*WHAT YOU WILL DO*.
Your answer must repeat all of the entries word for word, without any images.

*ENTRIES PROVIDED*.
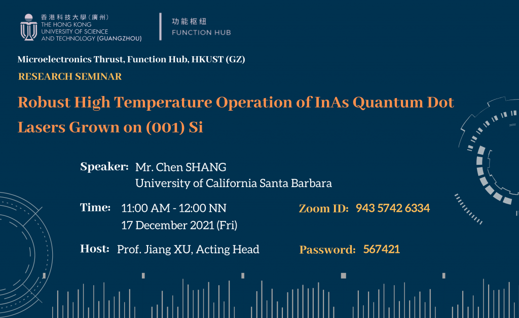 Epitaxially grown quantum dot (QD) lasers are emerging as an economical approach to obtain on-chip light sources. Thanks to the three-dimensional confinement of carriers, QDs show greatly improved tolerance to defects and promise other advantages such as low transparency current density, high temperature tolerance, isolator-free operation, and enhanced four-wave-mixing. These material properties distinguish them from traditional III–V/Si quantum wells (QWs) and have spawned intense interest to explore a full set of photonic integration using epitaxial growth technology. My focus of this seminar would be on the breakthroughs in long lifetime at elevated temperatures. Threading dislocations are significantly reduced to the level of 1×106 cm-2 via a novel asymmetric step-graded filter. Misfit dislocations are efficiently blocked from the QD region through well-engineered trapping layers. A record-breaking extrapolated lifetime of more than a million hours has been achieved at 80 °C, forecasting that device reliability is now entering the realm of commercial relevance and a monolithically integrated light source is finally on the horizon. Potential issues with the low defect structure on the manufacturability of the large scale wafers will be briefly discussed as well.
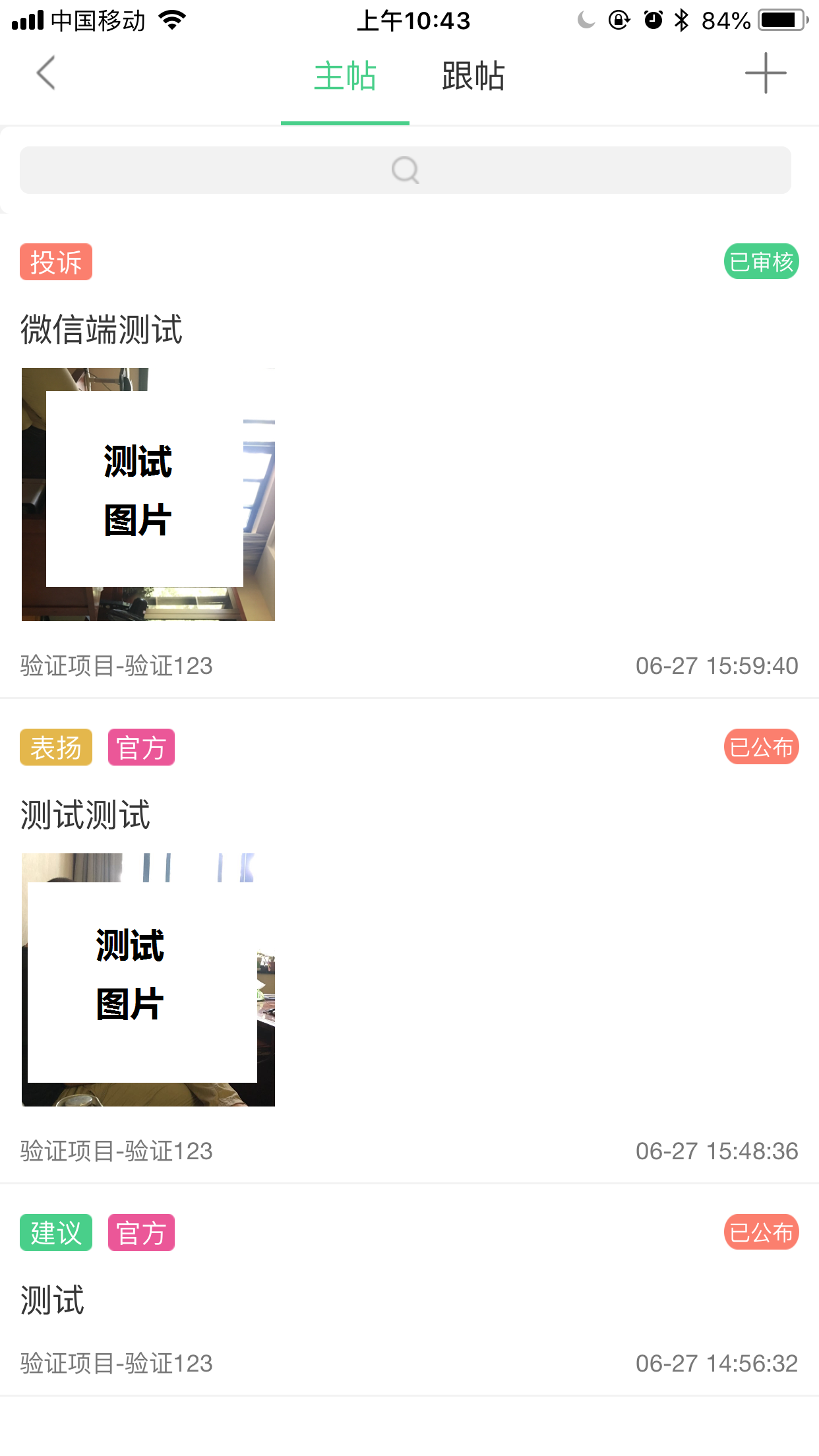 用户则可以在“我的XX”版块中查找到自己的使用记录,比如小编测试了3次发帖,在“我的发帖”中可以看到小编的发帖记录,这个对于查找自己的使用信息也是极其的方便。
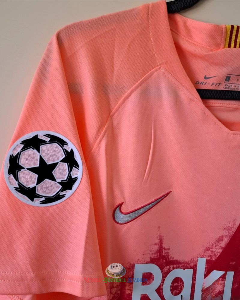 Rivivi la storia del grande calcio grazie alla maglia del Barcellona della stagione 2018-219 con il numero 10 di LIONEL MESSI. Arricchita con le patch della Champions League su entrambe le maniche, evidenzia la personalizzazione del fenomenale fuoriclasse argentino ad elevarne ulteriormente il prestigio
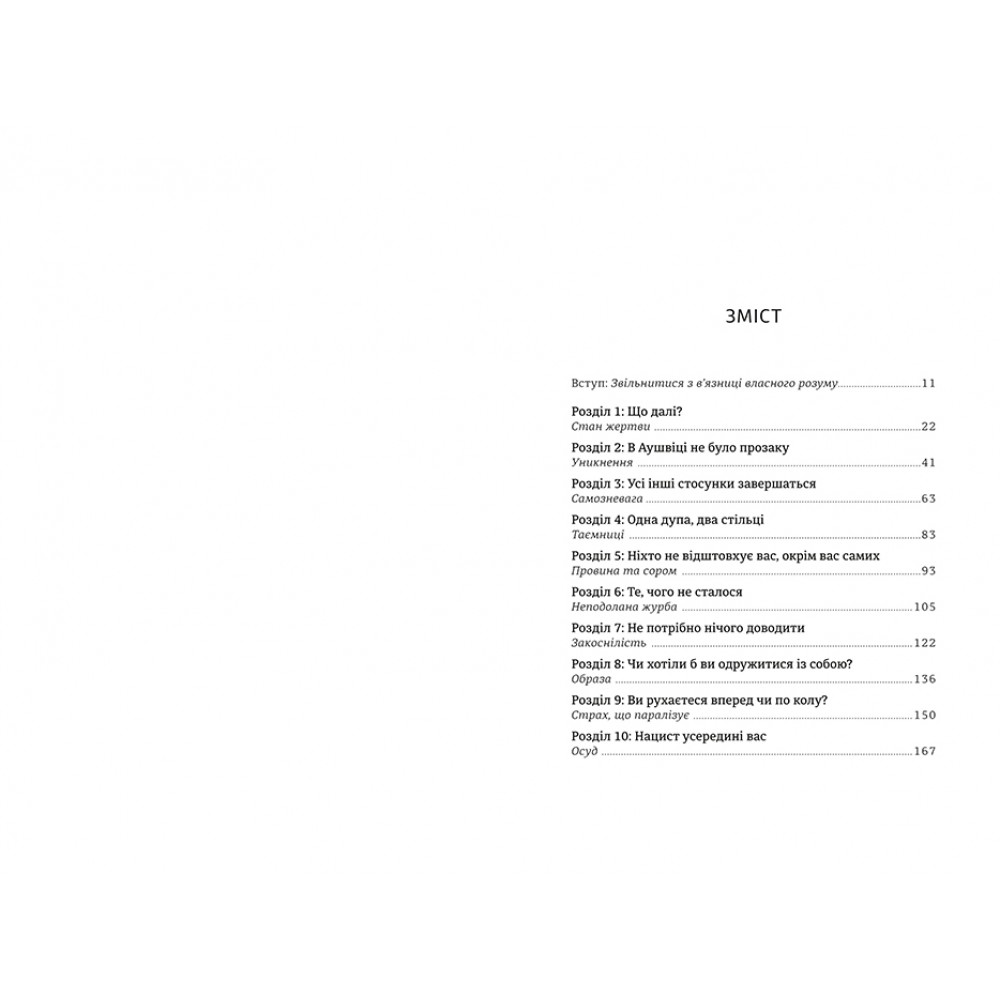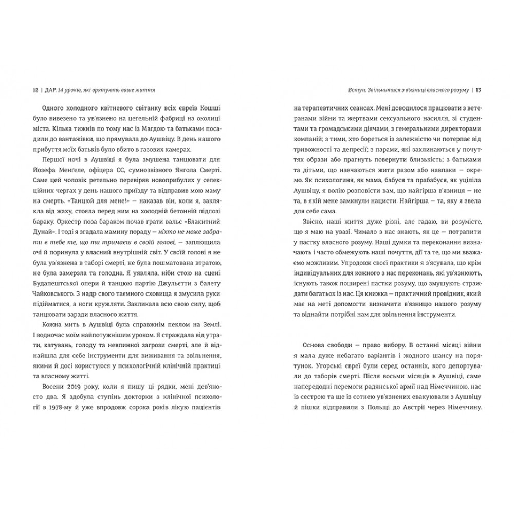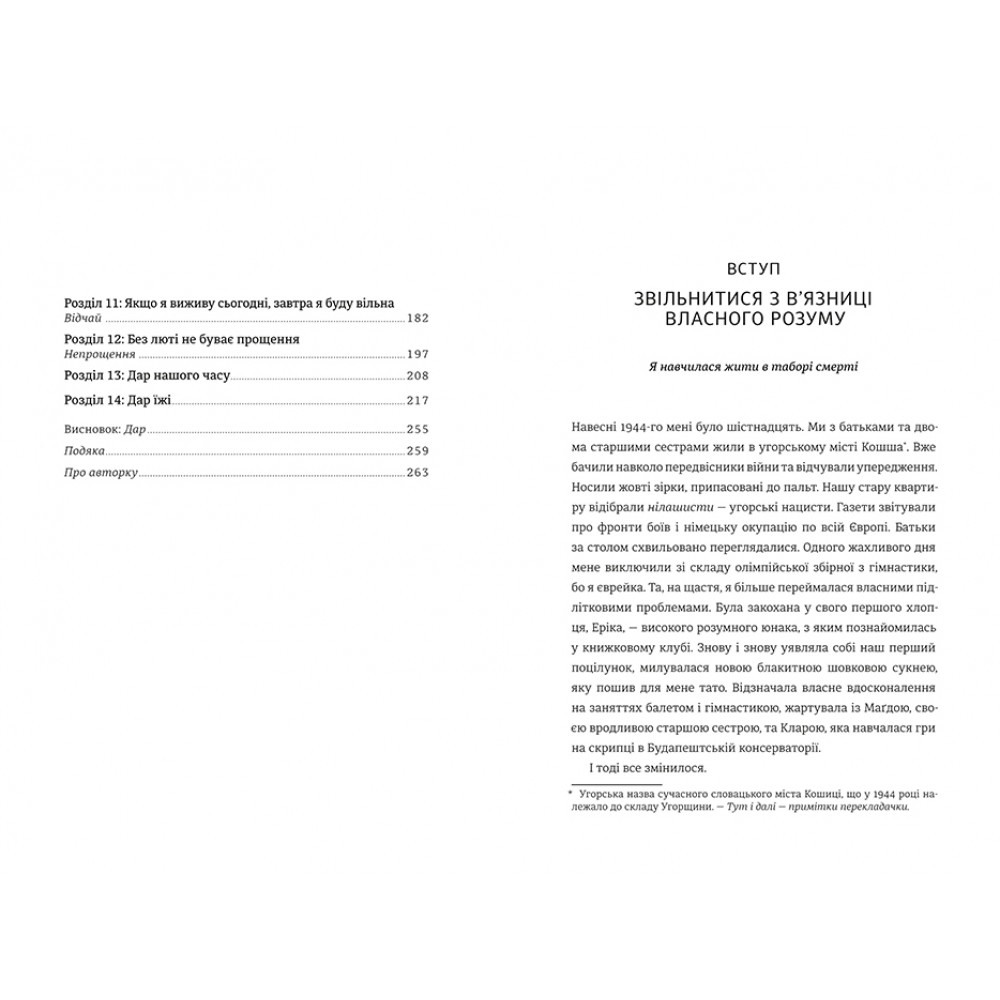 У кожному розділі докторка Еґер ділиться історіями з власного життя та історіями своїх пацієнтів, а в кінці пропонує ключі до звільнення від проблеми. Це установки, вправи або питання, які допоможуть знайти шлях з наших ментальних в’язниць до свободи і радіти життю.
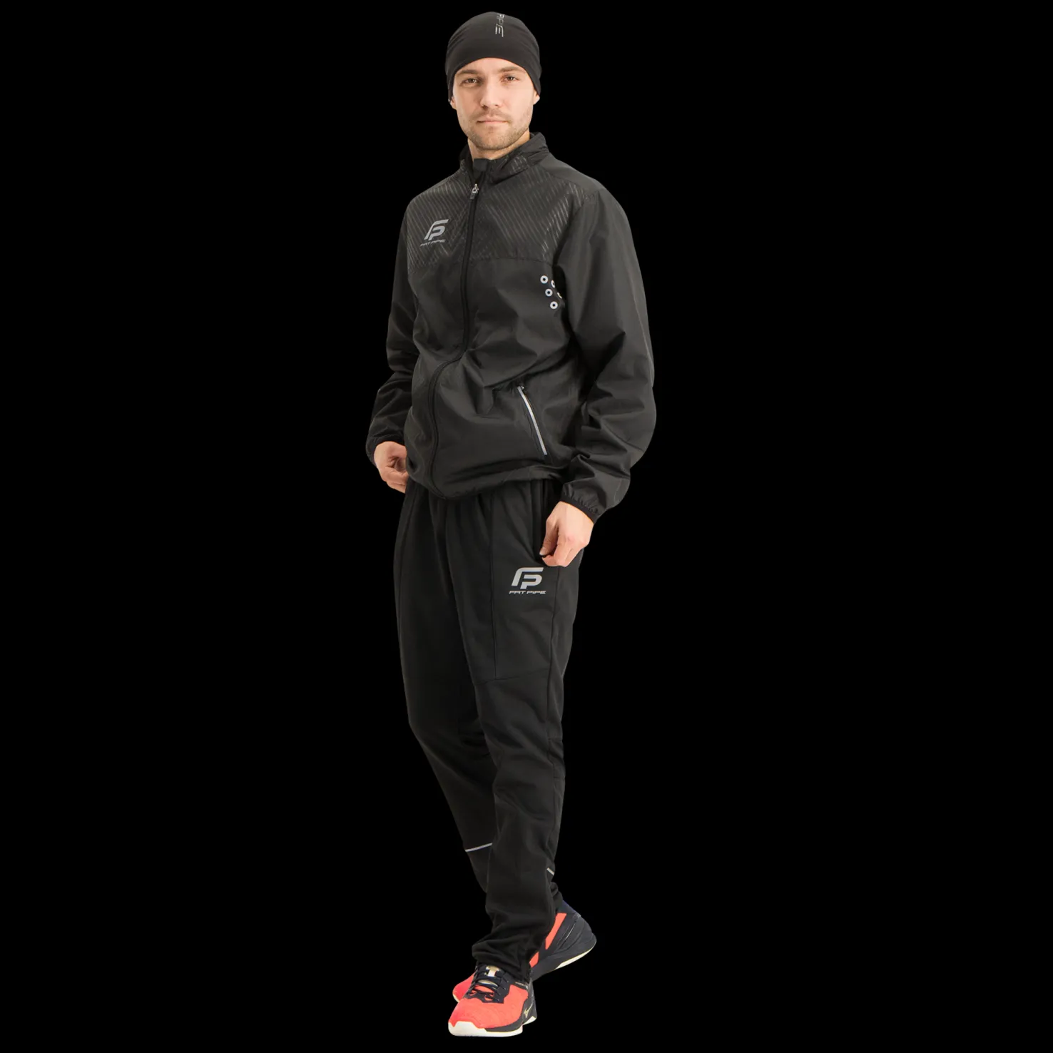 Mukavat treenihousut, joissa joustava vyötärönauha ja säädettävä nyöri. Edessä vetoketjulliset säilytystaskut. Heijastavat yksityiskohdat. Vetoketju lahkeensuissa.

*RESPONSE*.
 Epitaxially grown quantum dot (QD) lasers are emerging as an economical approach to obtain on-chip light sources. Thanks to the three-dimensional confinement of carriers, QDs show greatly improved tolerance to defects and promise other advantages such as low transparency current density, high temperature tolerance, isolator-free operation, and enhanced four-wave-mixing. These material properties distinguish them from traditional III–V/Si quantum wells (QWs) and have spawned intense interest to explore a full set of photonic integration using epitaxial growth technology. My focus of this seminar would be on the breakthroughs in long lifetime at elevated temperatures. Threading dislocations are significantly reduced to the level of 1×106 cm-2 via a novel asymmetric step-graded filter. Misfit dislocations are efficiently blocked from the QD region through well-engineered trapping layers. A record-breaking extrapolated lifetime of more than a million hours has been achieved at 80 °C, forecasting that device reliability is now entering the realm of commercial relevance and a monolithically integrated light source is finally on the horizon. Potential issues with the low defect structure on the manufacturability of the large scale wafers will be briefly discussed as well.
 用户则可以在“我的XX”版块中查找到自己的使用记录,比如小编测试了3次发帖,在“我的发帖”中可以看到小编的发帖记录,这个对于查找自己的使用信息也是极其的方便。
 Rivivi la storia del grande calcio grazie alla maglia del Barcellona della stagione 2018-219 con il numero 10 di LIONEL MESSI. Arricchita con le patch della Champions League su entrambe le maniche, evidenzia la personalizzazione del fenomenale fuoriclasse argentino ad elevarne ulteriormente il prestigio
 У кожному розділі докторка Еґер ділиться історіями з власного життя та історіями своїх пацієнтів, а в кінці пропонує ключі до звільнення від проблеми. Це установки, вправи або питання, які допоможуть знайти шлях з наших ментальних в’язниць до свободи і радіти життю.
 Mukavat treenihousut, joissa joustava vyötärönauha ja säädettävä nyöri. Edessä vetoketjulliset säilytystaskut. Heijastavat yksityiskohdat. Vetoketju lahkeensuissa.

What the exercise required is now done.